Repeat the records below verbatim and include no pictures.

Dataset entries
#####

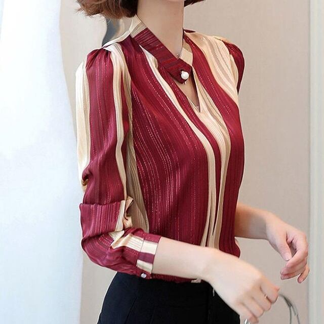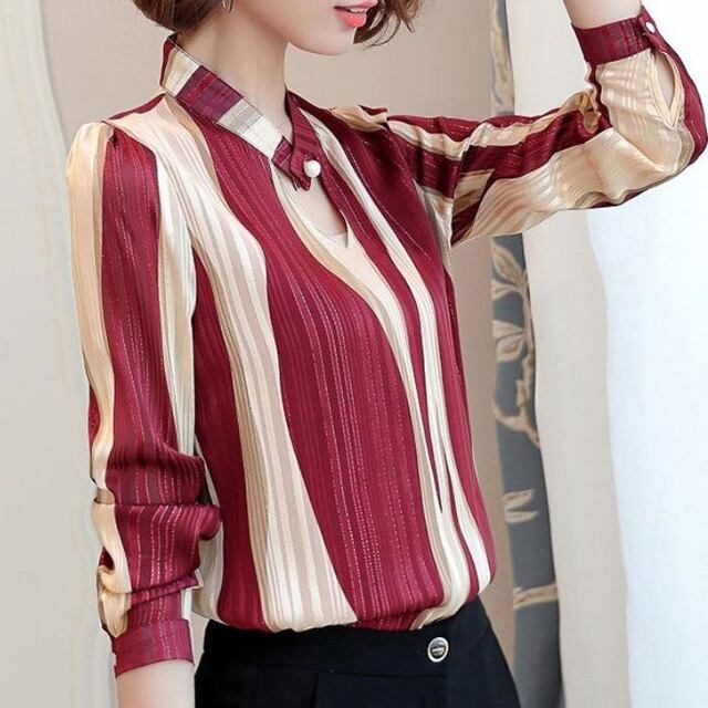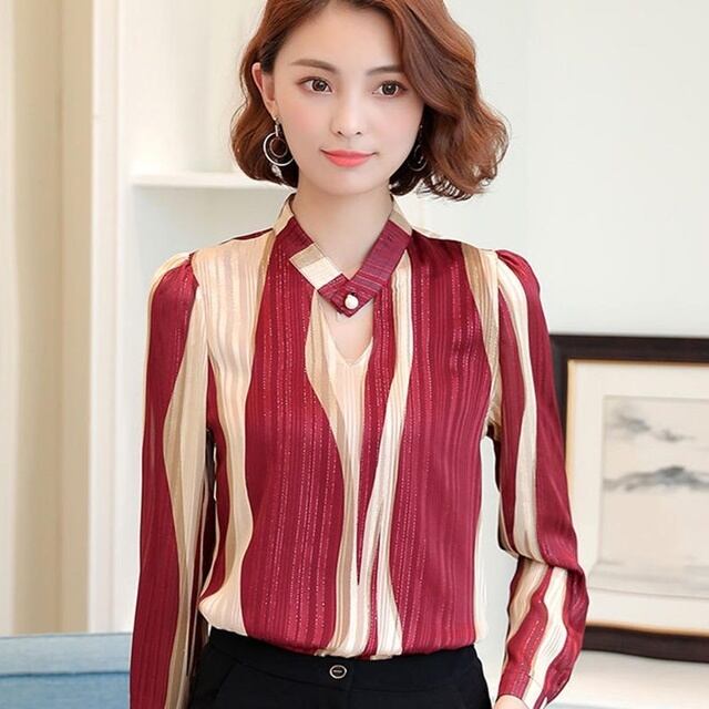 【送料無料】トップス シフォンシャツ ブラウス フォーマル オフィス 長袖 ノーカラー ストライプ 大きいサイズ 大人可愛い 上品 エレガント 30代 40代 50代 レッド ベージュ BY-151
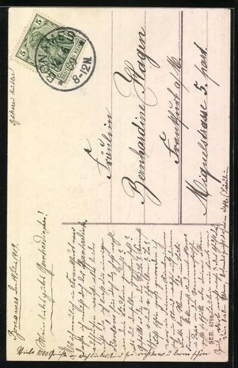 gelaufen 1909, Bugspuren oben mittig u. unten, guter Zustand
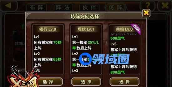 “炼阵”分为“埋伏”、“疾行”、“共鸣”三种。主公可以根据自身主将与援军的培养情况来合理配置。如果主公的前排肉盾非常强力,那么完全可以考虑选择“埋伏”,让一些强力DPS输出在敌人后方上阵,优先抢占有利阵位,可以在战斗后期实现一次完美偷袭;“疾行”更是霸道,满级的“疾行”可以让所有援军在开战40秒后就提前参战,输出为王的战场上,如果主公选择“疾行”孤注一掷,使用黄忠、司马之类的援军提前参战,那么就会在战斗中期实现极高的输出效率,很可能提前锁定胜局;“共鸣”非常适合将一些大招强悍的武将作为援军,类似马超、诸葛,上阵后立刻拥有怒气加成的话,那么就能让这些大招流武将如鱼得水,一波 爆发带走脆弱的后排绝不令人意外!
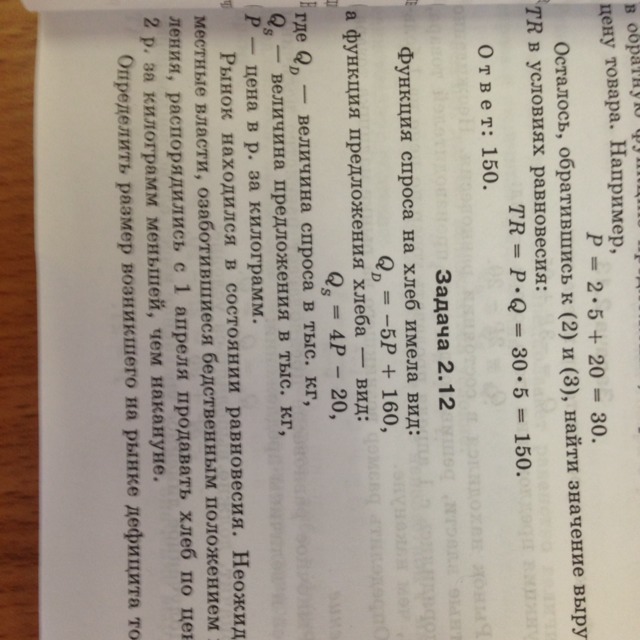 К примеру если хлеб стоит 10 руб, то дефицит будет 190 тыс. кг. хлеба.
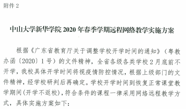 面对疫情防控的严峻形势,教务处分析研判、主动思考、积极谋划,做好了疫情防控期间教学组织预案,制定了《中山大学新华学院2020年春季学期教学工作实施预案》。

#####

• _YOUR SOLUTION_:
 【送料無料】トップス シフォンシャツ ブラウス フォーマル オフィス 長袖 ノーカラー ストライプ 大きいサイズ 大人可愛い 上品 エレガント 30代 40代 50代 レッド ベージュ BY-151
 gelaufen 1909, Bugspuren oben mittig u. unten, guter Zustand
 “炼阵”分为“埋伏”、“疾行”、“共鸣”三种。主公可以根据自身主将与援军的培养情况来合理配置。如果主公的前排肉盾非常强力,那么完全可以考虑选择“埋伏”,让一些强力DPS输出在敌人后方上阵,优先抢占有利阵位,可以在战斗后期实现一次完美偷袭;“疾行”更是霸道,满级的“疾行”可以让所有援军在开战40秒后就提前参战,输出为王的战场上,如果主公选择“疾行”孤注一掷,使用黄忠、司马之类的援军提前参战,那么就会在战斗中期实现极高的输出效率,很可能提前锁定胜局;“共鸣”非常适合将一些大招强悍的武将作为援军,类似马超、诸葛,上阵后立刻拥有怒气加成的话,那么就能让这些大招流武将如鱼得水,一波 爆发带走脆弱的后排绝不令人意外!
 К примеру если хлеб стоит 10 руб, то дефицит будет 190 тыс. кг. хлеба.
 面对疫情防控的严峻形势,教务处分析研判、主动思考、积极谋划,做好了疫情防控期间教学组织预案,制定了《中山大学新华学院2020年春季学期教学工作实施预案》。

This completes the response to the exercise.